Recommended by Vince Gatton

  • Massage Envy
    12 Oct. 2020
    The physical intimacy of this premise, the extreme volubility of one of the characters, and (perhaps) your own baked-in story expectations contribute to building a terrific amount of tension here, tension that turns out to be no less real for having been so effectively misdirected. A fun and ruthless little journey.
  • AN ESTUARY
    29 Sep. 2020
    A very moving family story whose characters, plot points, and even formal devices are all more messy, complicated, and nuanced than they may at first appear. Young Isaac's pursuit of the mystery of his paternity, and his mother's ghostly magical-realist intervention/narration, are made fresh by the many surprises that lie in store for both of them. Underneath it all is a beautiful story about how love unexpressed stifles the very ability to express love, and how sticky a mother-son bond can be regardless.

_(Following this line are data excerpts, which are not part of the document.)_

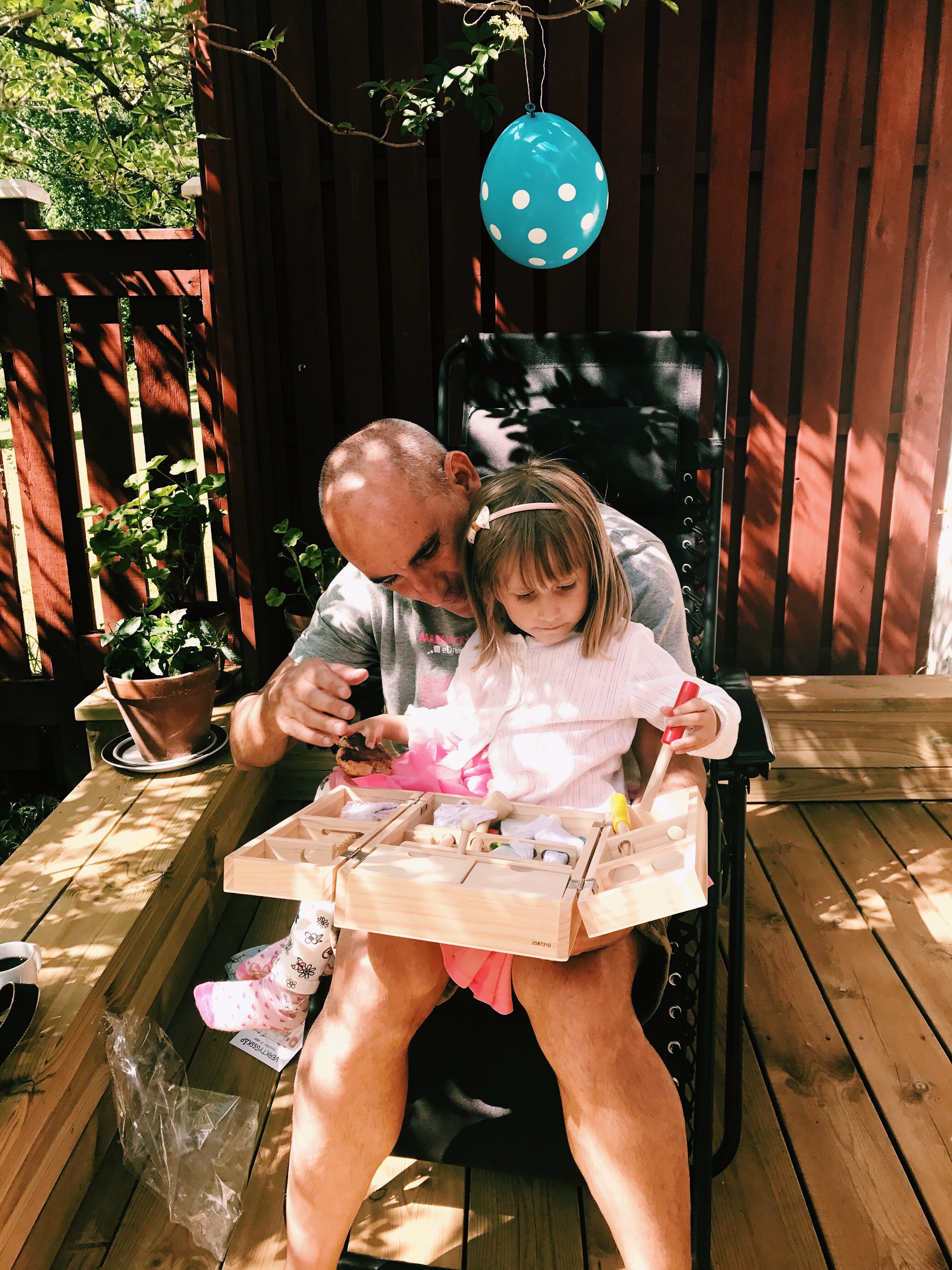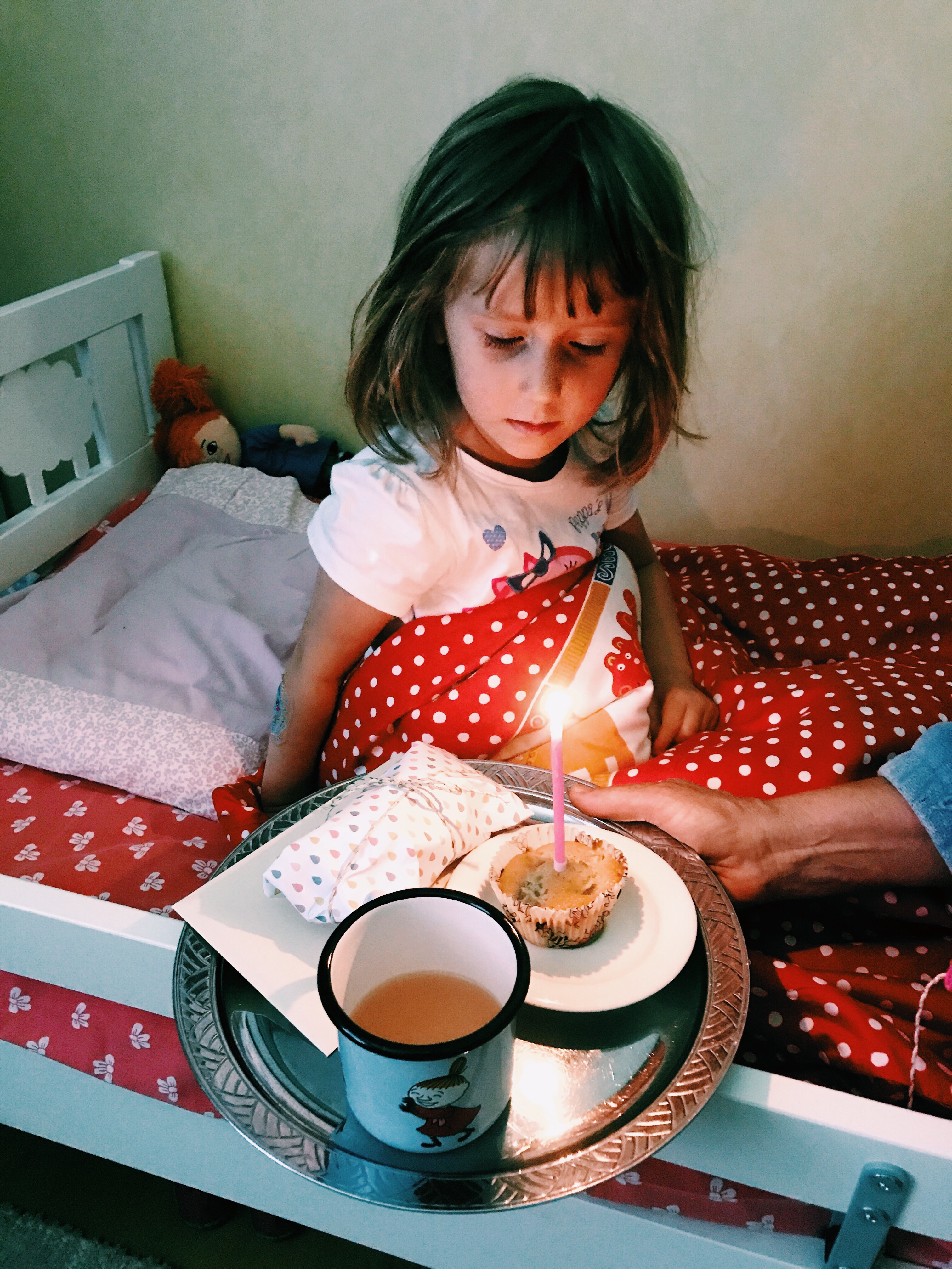 Vi började med frukost på säng såklart och sång av mormor, morfar och jag. Juni älskar ”Lotta på Bråkmakargatan” så hon gjorde precis som Lotta och låtsades sova när vi kom in.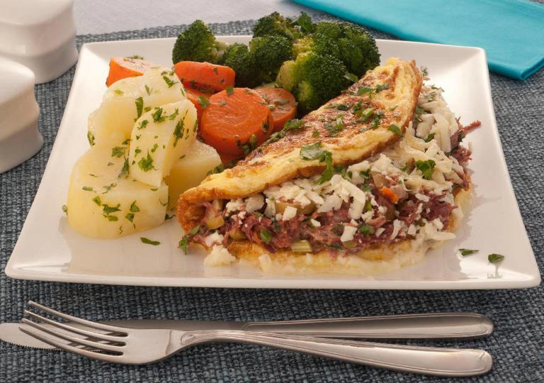 Em uma vasilha, coloque os ovos, o leite e o sal e misture com um garfo. Divida em 3 partes e frite uma de cada vez, em uma frigideira antiaderente média, untada com óleo até dourar dos dois lados. Divida o recheio reservado e o queijo meia cura entre as omeletes e dobre ao meio. Sirva.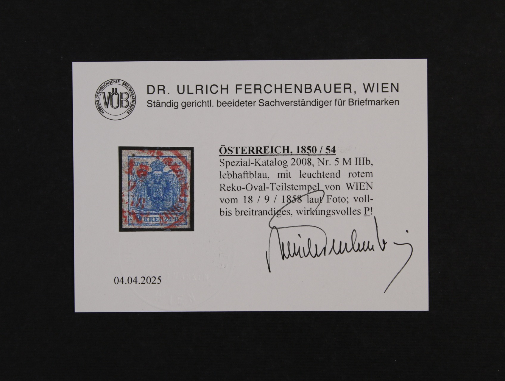 • zn. Fe. č. 5 M, typ IIIb jasně modrá s nekpmpl. oválným raz. RECO WIEN 18.9.1858, zk. a atest Ferchenbauer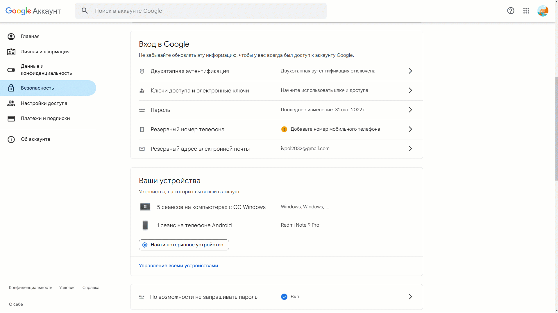 1. Откройте настройки вашего Google-аккаунта.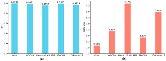 Figure 18. R2 and RMSE of the test set results for contrast models: (a) R2 of our model and contrast models; (b) RMSE of our model and contrast models.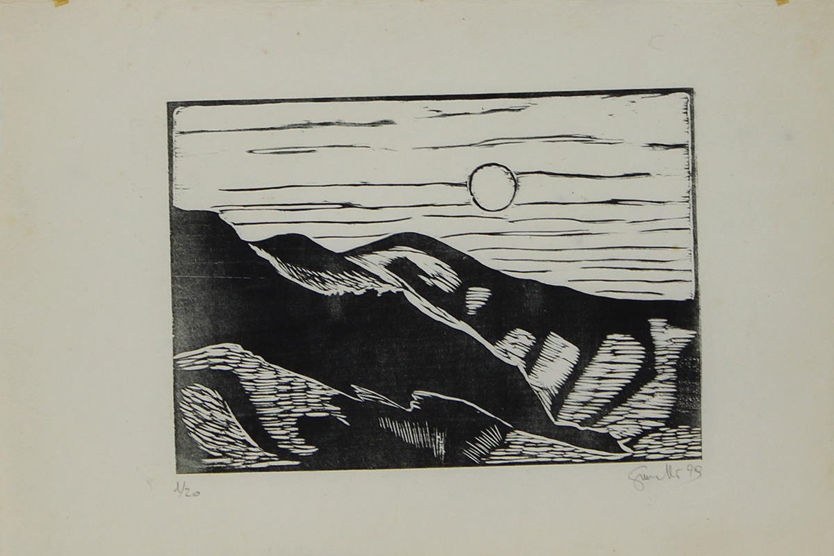 Marchello G. Il silenzio della luna xilografia su carta, cm. 21x34, es. 1/20 firmata e datata in basso a destra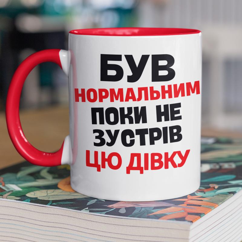 Чашка керамическая с принтом "був нормальным пока не навстречу эту девку" 330 мл, белая с...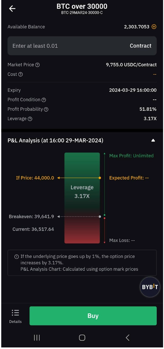На наведеному нижче графіку аналізу прибутків і збитків представлено поточну ринкову ціну, прибутки й збитки, змодельовані на основі ціни маркування, точку беззбитковості та оптимальні ситуації PnL під час моделювання. Переглянувши деталі, трейдери можуть натиснути «Купити», щоб придбати контракт.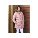 Dámska zimná bunda má kapucňu na šnúrky s odnímateľnou kožušinou. Šírku pása možno upraviť pomocou prídavných šnúrok, rovnako ako spodnú časť kabáta.Na prednej strane kabáta sú dve funkčné vrecká, rukávy sú zakončené všitou nášivkou s otvormi na palec. Bunda je tiež vybavená vnútorným náprsným vreckom. Vnútorná kožušina vám v zime poskytne skvelý pocit tepla.Zaobstarajte si tento módny kúsok do svojho šatníka.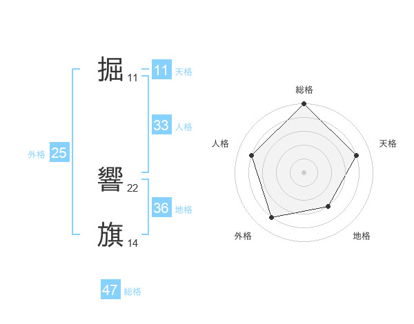 掘 響旗さんの総格は47画の5点!
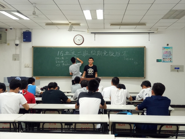 为了更公平的选出第52期入党积极分子,保证日后各项工作的顺利进行。9月25日,学院土木工程2016-02班全体成员在博学四号楼B402举行第52期党校推荐会议。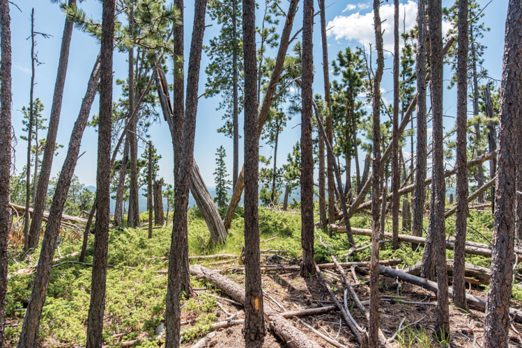 Traffic along the highways and at Sylvan Lake was busy with tourists, but few people make the hike up Sylvan Peak. Though it’s only about a mile and half to the summit, there is no dedicated trail and downed timber is strewn all over the hillside. “It was constant hopping from dead tree to dead tree to rocks. It was really hard because there was no smooth trail or even a meadow to walk in. It was just pure downed timber.”
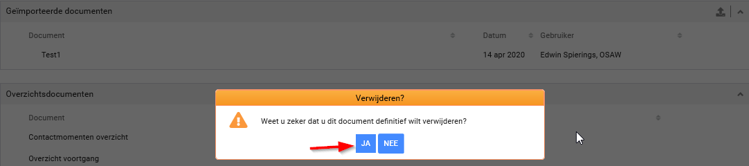 Stap 2. Bevestig de verwijdering met Ja. Het geüpload document wordt verwijderd.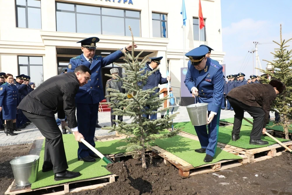 В знак торжества, генеральный прокурор посадил рядом с новым зданием елку.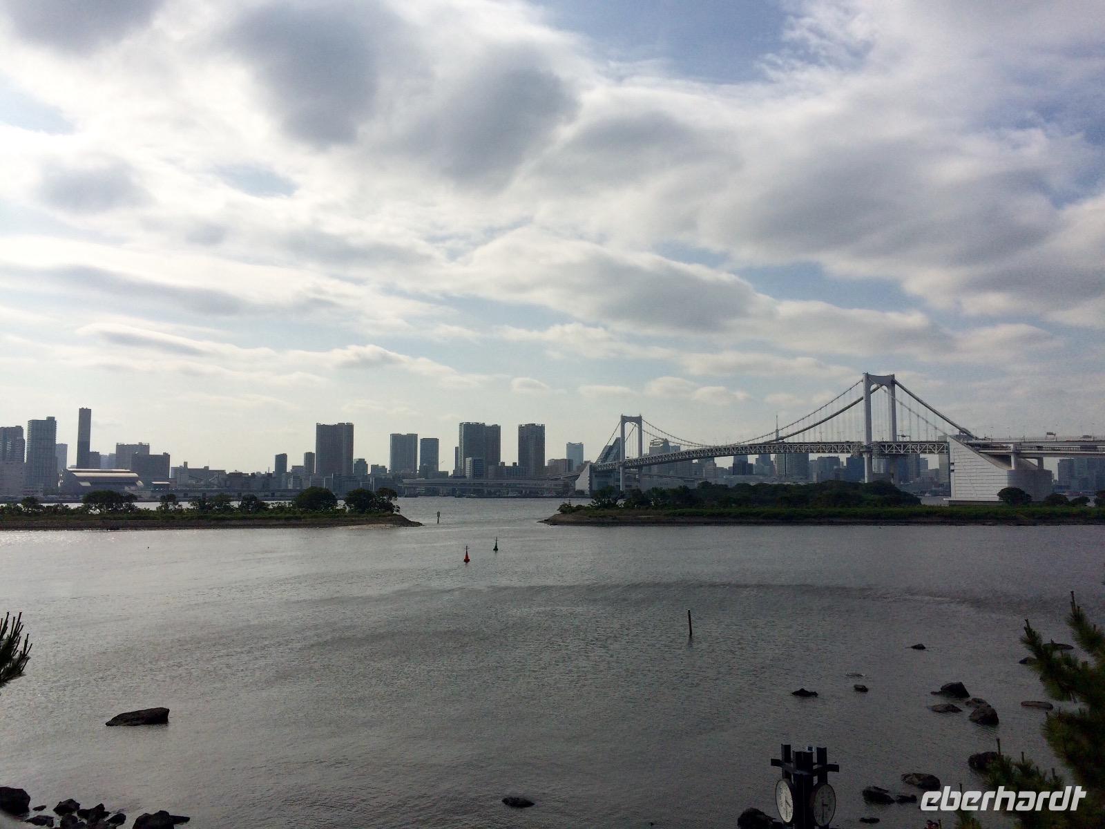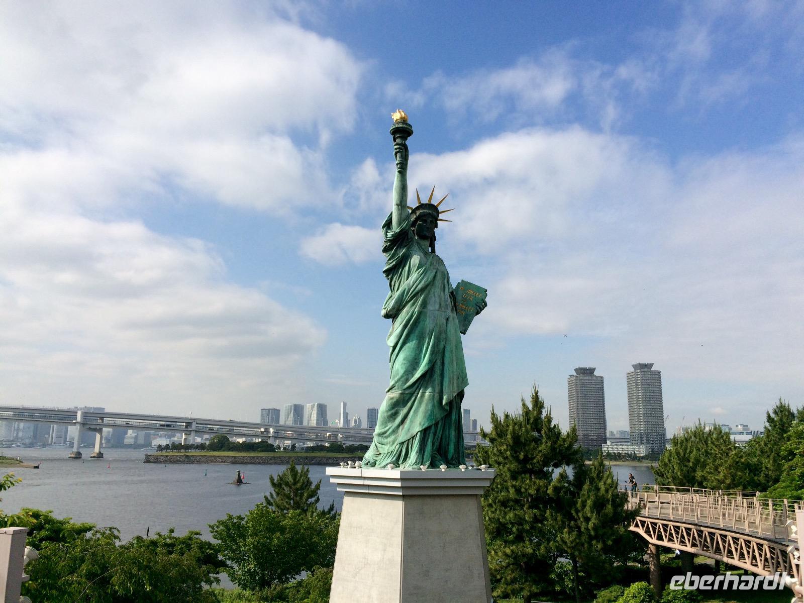 Nach einer kleinen Erfrischungspause erleben wir die japanische Gemütlichkeit bei einem Ausflug mit der Metro auf die Vergnügungsinsel Odaiba kennen. Absolut pünktliche Metro, moderne futuristische Architektur, breite Straßen, überall Fußgängerüber- und -unterführungen sowie fröhliche SchülerInnen in Uniform sind unsere erste Begegnungen. Wir genießen einen wunderschönen Blick auf die Skyline Tokios. Auch die Freiheitsstatue in Miniatur lässt grüßen.

    (Also: THIS IS A FIRST DRAFT???? How dare Nick Malakhov. How dare he.)
  • That Moment When ...
    29 Sep. 2020
    Well, this is a delight: an entire romantic comedy with nary a wasted word. The “just the facts” use of narration here (as opposed to fully articulated inner monologues) creates a highly theatrical, surprisingly emotional, and deeply relatable story. A terrific illustration of how a gesture, a look, or a breath can speak volumes.
  • MISS MOONLITE BBQ PAGEANT
    19 Sep. 2020
    If The Miss Firecracker Contest and The Secret Garden had a baby in the holler, it would look very much like MISS MOONLITE BBQ PAGEANT, a tale of loss, healing, and BBQ concoctions. Martin shares Beth Henley’s love of oddballs and outcasts, but her people have a more Appalachian edge; in her hands, tried and true plot elements feel fresh, and generous doses of salt keep sentimentality at bay even as the characters (and this reader) go through hugely emotional journeys. Sage Martin is a young writer with a whiskey voice and an enormous, quivering heart. One to watch.
  • Airlock
    16 Sep. 2020
    This science-fiction suspense drama gives you high stakes, compelling characters, well-calibrated tensions, and moments of deeply relatable humor and vulnerability. When the old world is falling apart, the better world you strive for is suddenly in grave doubt, and your sources of information and authority can’t be trusted, how do you keep going? For a play written in 2015, it feels uncomfortably on-point here in the year 2020. My lesson: Listen to Kari Bentley-Quinn.
  • RIPPLE
    16 Sep. 2020
    How is it I'm feeling so educated about cosmic phenomena and ruthlessly (though affectionately) mocked all at once? Oh, it's because I just read RIPPLE, this delightfully funny, weird, and informative play about the nature of black holes...and actors. Excellent metatheatrical fun here from Rachael Carnes -- plus, you know, it's totally based on true events! Ancient, ancient, ANCIENT events. So that's a bonus.
  • Respects
    15 Sep. 2020
    Respect to Respects, because I genuinely laughed out loud at this. Its dark mind-frak of a premise was right up my alley, and the execution spot on. All the characters are fun and believable (well, believable to exactly the extent they're meant to be), and Hayet manages to stick a landing I did not expect but felt exactly right. Dark, hilarious, and surprisingly compassionate, this sucker is a well-constructed winner.
  • The Pineapple Line
    15 Sep. 2020
    Wait...what?

    Hold on a sec, let me read that again.

    No. Yeah. OK. Yeah, I did read that right the first time.

    Huh.

    Well.

    Whew, that was A LOT.

    Everyone's got their lines they just won't cross; and then there's Steven Hayet's Pineapple Line, a savage short comedy that tests everyone's limits. A balls-to-the-wall hoot.
  • Unburied: A Queer Horror-Comedy
    13 Sep. 2020
    A wickedly fun, self-aware, meta-theatrical Halloween treat. While skewering tired clichés about Tragic Gays, Unburied revels in a smorgasbord of horror and fantasy tropes — I detected bits of Frankenstein, Murder By Death, The Eyre Affair, and Deathtrap, to name a few — while scratching at bigger questions about some gay people’s strained relationship to their own sense of identity. Good, murderous fun.
  • Use Your Noodles
    8 Sep. 2020
    This charming-as-hell short play shows Steven Strafford’s keen eye and capable hand. The banter is witty, the characters are likable, the metaphors are self-conscious yet astute, and the revelations are well-timed and -executed. Tremendously actable with clear intentions and stakes, this sly rom-com left me smiling, and utterly disarmed.